A nuclear reactor fuel extraction method for extracting a fuel assembly from a unit cell composed of a cross-shaped control rod and a set of two fuel cells and two rows and two columns surrounding the control rod,
From the state in which the four fuel assemblies are loaded and the cruciform control rods are fully inserted, first, the fuel assemblies of the two diagonal bodies of the cell are pulled out, and then the cruciform control rods are A method for removing fuel from a nuclear reactor, comprising partially extracting and finally extracting the remaining two fuel assemblies. The method for removing fuel from a nuclear reactor according to claim 1,
Partial extraction of the cruciform control rod means that the cruciform control rod when the region containing the neutron absorber in the cruciform control rod overlaps the effective region of the fuel assembly and the cruciform control rod is inserted A method for removing fuel from a nuclear reactor, wherein the rod does not fall down and does not interfere with removal of the fuel assembly even if the cross-shaped control rod is tilted. The method for removing fuel from a nuclear reactor according to claim 1,
The partial pulling out of the cruciform control rod means that the length of the cruciform control rod is pulled out by a length of 1/24 or less and 1/2 or less when the length of the cross control rod is divided into 24. Reactor fuel removal method characterized. A nuclear reactor fuel exchange method for exchanging the fuel assemblies in a unit cell composed of a cross-shaped control rod and a set of two rows and two columns and four fuel assemblies surrounding the rod.

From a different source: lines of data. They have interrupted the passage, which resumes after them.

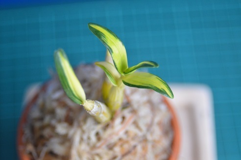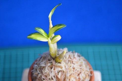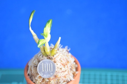 長生蘭の極黄流の中透け飴矢品種です。わが家で変わったもので、極めて少ない確率から極黄流から発生しました。芸が3年続きましたので出品しました。茎はほぼ飴色です。写真で判断いただき入札いただければ幸いです。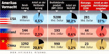 Im Nahen Osten ist zu beobachten, was Amerika unter dem Krieg gegen den Terrorismus versteht. Das brutale Vorgehen Israels gegen seine Nachbarn zeigt exemplarisch, wie die amerikanische Diktatur in ein paar Jahren global funktionieren könnte: Der Stärkere benutzt skrupellos seine Macht und hat immer auch das Recht und die Medien auf seiner Seite. Warum besteht die Geschichte der menschlichen Zivilisationen aus einer Kette von Dynastien, Kaiserreichen und Diktaturen? Wäre es nicht Amerika, so würde ein anderer Staat die Weltherrrschaft anstreben. Das scheint gesetzmässig zu sein: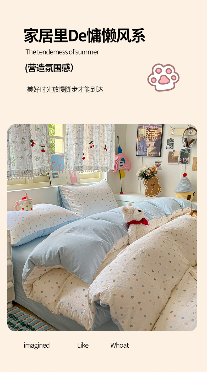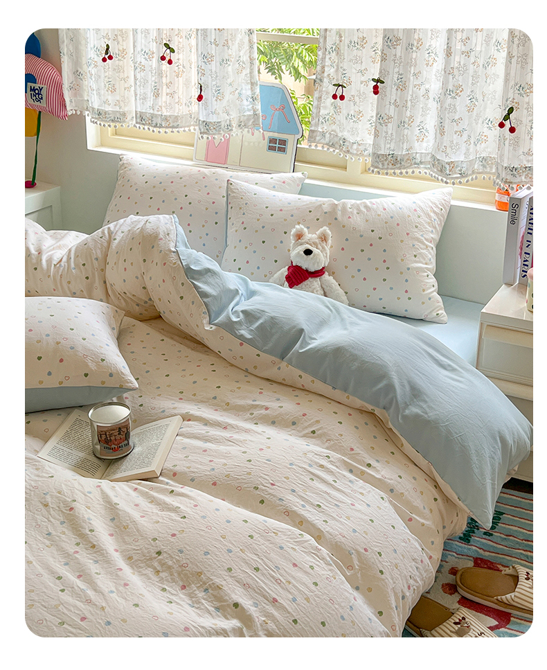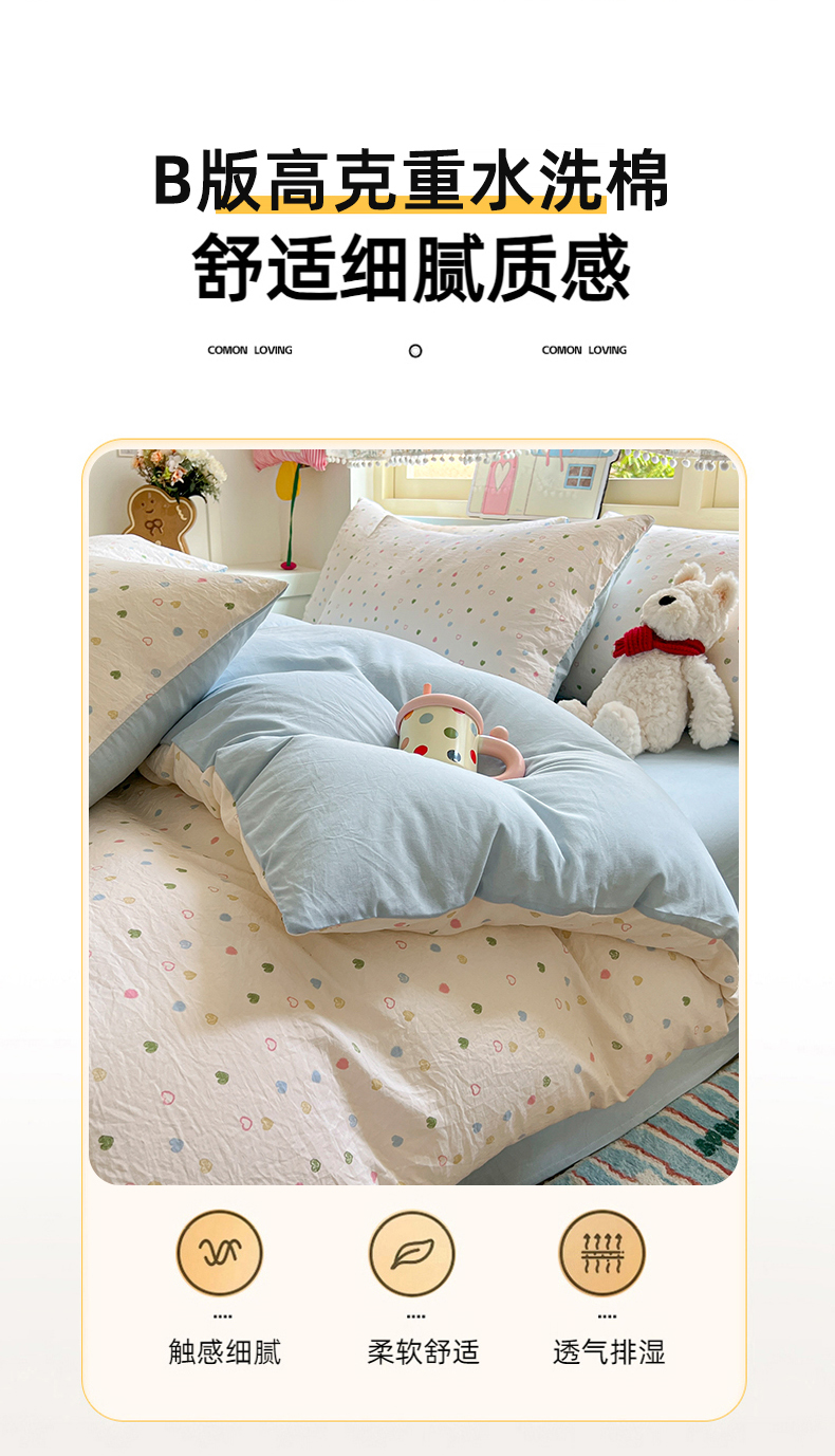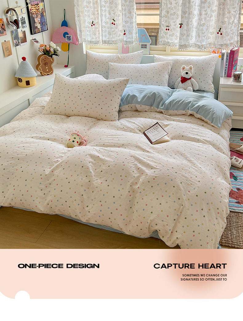 当前位置: 91家纺网 > 商品网购 > 床品套件 > 四件套 > 水洗棉四件套 > 希丞家居 2025新款ins小清新水洗优嘉棉四件套 爱心软糖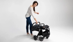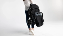 L’auvent XXL avec traitement imperméable et filtre UPF50+ offre une protection fiable contre le soleil et la pluie. La sécurité est assurée par des harnais 5 points et des éléments réfléchissants pour une meilleure visibilité. D’une simple pression sur un bouton, la poussette se plie automatiquement en un format compact – vous la transportez facilement grâce à une sangle dédiée et une housse de protection.

From the state in which the four fuel assemblies are loaded and the cruciform control rods are fully inserted, first, the fuel assemblies of the two diagonal bodies of the cell are pulled out, and then the cruciform control rods are Partially withdrawn, withdrawing the remaining two fuel assemblies from this state, then loading the two new fuel assemblies diagonally with respect to each other, then inserting the full cross-shaped control rod, and finally And the remaining two new fuel assemblies 9 are loaded diagonally. The method for refueling a nuclear reactor according to claim 4,
Partial extraction of the cruciform control rod means that the cruciform control rod when the region containing the neutron absorber in the cruciform control rod overlaps the effective region of the fuel assembly and the cruciform control rod is inserted A method for refueling a nuclear reactor, characterized in that the rod does not fall down and does not interfere with the removal of the fuel assembly even if the cross-shaped control rod is tilted. The method for refueling a nuclear reactor according to claim 4,
The partial pulling out of the cruciform control rod means that the length of the cruciform control rod is pulled out by a length of 1/24 or less and 1/2 or less when the length of the cross control rod is divided into 24. Reactor fuel exchange method characterized. A nuclear fuel loading method for loading a fuel assembly of a unit cell composed of a cross-shaped control rod and a set of four fuel assemblies in two rows and two columns surrounding the rod,
From the state in which the fuel assembly is not loaded and all the cross-shaped control rods are pulled out, first, the cross-shaped control rods are partially inserted to the extent that they can stand on their own, and then 2 The fuel assembly is loaded diagonally with respect to each other, then the cross-shaped control rods are fully inserted, and finally the remaining two diagonal fuel assemblies are loaded. Fuel loading method. A nuclear fuel loading method for loading a fuel assembly of a unit cell composed of a cross-shaped control rod and a set of four fuel assemblies in two rows and two columns surrounding the rod,
From the state in which all the fuel assemblies of the core are pulled out and all the cross-shaped control rods are all pulled out, first, partially insert the cross-shaped control rods in a range where all the cells can stand on their own, and then In addition, all the cells are loaded with two diagonal fuel assemblies, then all the cross-shaped control rods of all cells are inserted, and finally all the remaining fuel assemblies are loaded. Reactor fuel loading method. The method of loading fuel in a nuclear reactor according to claim 7 or 8,
The partial insertion of the cruciform control rod means that the cruciform control rod is inserted when the region containing the neutron absorber in the cruciform control rod overlaps the effective region of the fuel assembly and the cruciform control rod is inserted. A fuel loading method for a nuclear reactor, characterized in that the rod does not fall down and does not interfere with the insertion of the fuel assembly even if the cross-shaped control rod is tilted. The method of loading fuel in a nuclear reactor according to claim 7 or 8,
The partial insertion of the cross-shaped control rod means that the length of the cross-shaped control rod is inserted by a length not less than 1/24 and not more than 1/2 when the length of the cross-shaped control rod is divided into 24. Reactor fuel loading method.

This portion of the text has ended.